The Scottish Bill
Following today’s publication, the UK Government will undertake an engagement programme across Scotland to ensure that people have the opportunity to contribute their views as work continues to prepare the draft legislation for introduction in Parliament. The following points are of particular interest to the sector:
Overview of employment support
- The Scottish Parliament will have all powers over support for unemployed people through the employment programmes currently contracted by DWP (which are presently delivered mainly, but not exclusively, through the Work Programme and Work Choice) on expiry of the current commercial arrangements. The Scottish Parliament will have the power to decide how it operates these core employment support services. Funding for these services will be transferred from the UK Parliament.
- Clause 22 of the draft bill makes provision to give the Scottish Parliament legislative competence to pass its own laws in relation to making employment schemes to assist those at risk of becoming long-term unemployed, and to help disabled people into work.

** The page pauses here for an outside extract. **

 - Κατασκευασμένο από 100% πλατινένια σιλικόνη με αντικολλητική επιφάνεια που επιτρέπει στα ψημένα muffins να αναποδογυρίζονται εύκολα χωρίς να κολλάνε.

- The Scottish Parliament will have the competence to create powers which enable the design of new employment programmes – for example through work search support, provision of skills and training, and community placements, or through other new techniques. Any support provided by the Scottish Government for those at risk of long term unemployment must assist the claimant for at least one year in order to ensure a robust approach to tackling unemployment. The clause does not affect UK Ministers’ broader powers which enable them to ensure that appropriate support is available at every stage of the claimant journey, including core Jobcentre Plus functions which remain reserved.

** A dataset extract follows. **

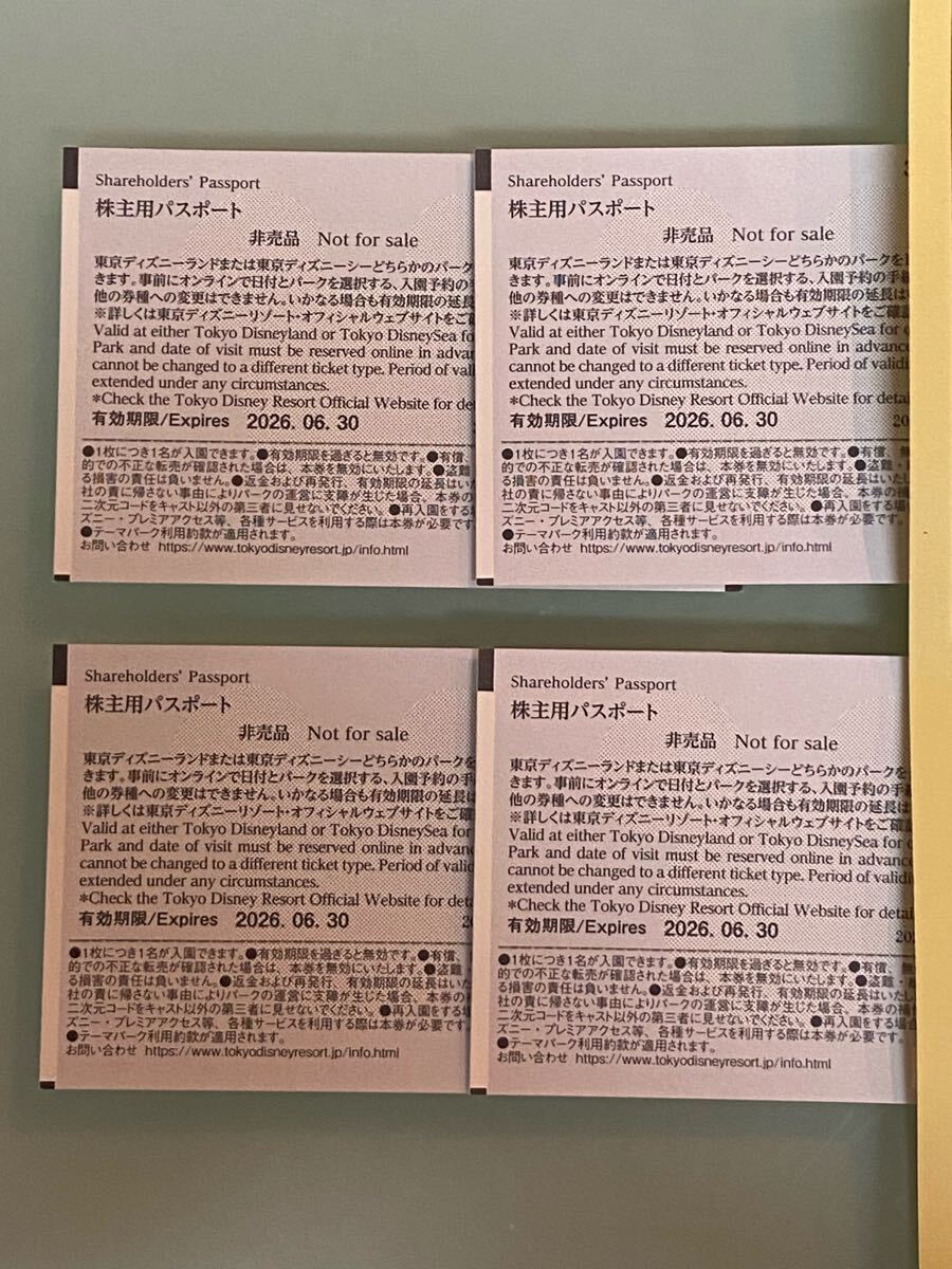 東京ディズニーリゾート 株主優待券 オリエンタルランド 4枚

- The Scottish Parliament may choose to create powers for similar functions to those which the UK Government delivers in this area, which currently attracts over 95% of funding for centrally contracted employment programmes. As stated in the Smith Commission Agreement, conditionality and sanctions will remain reserved, including the ability to make mandatory referrals to Scottish Government programmes. The Scottish Government may also choose to offer support to those who are eligible to take part in any scheme of their making.
- The Scottish Parliament will have the ability to legislate for the creation of schemes as defined in the draft clause. Separate Scottish schemes will therefore need to be coordinated with the UK-wide system of employment support (as currently delivered by Jobcentre Plus, which the Smith Commission Agreement recommended remain a reserved matter).
- To ensure that Scottish and UK designed schemes both operate successfully as intended, and work together coherently in the best interest of claimants, it will be essential for both the UK and Scottish Governments to work closely together in the design, implementation and operation of their respective programmes, to ensure that claimants can transition smoothly from one system to the other. Such discussions will be facilitated through forums such as the Joint Ministerial Working Group on Welfare and at an operational level through established local partnerships.
Other welfare provisions
- The UK Government, in line with the recommendations made by the Calman Commission on Scottish devolution, has also reformed the Social Fund by abolishing some of the discretionary elements, Community Care Grants and crisis loans, and devolving the funding for them.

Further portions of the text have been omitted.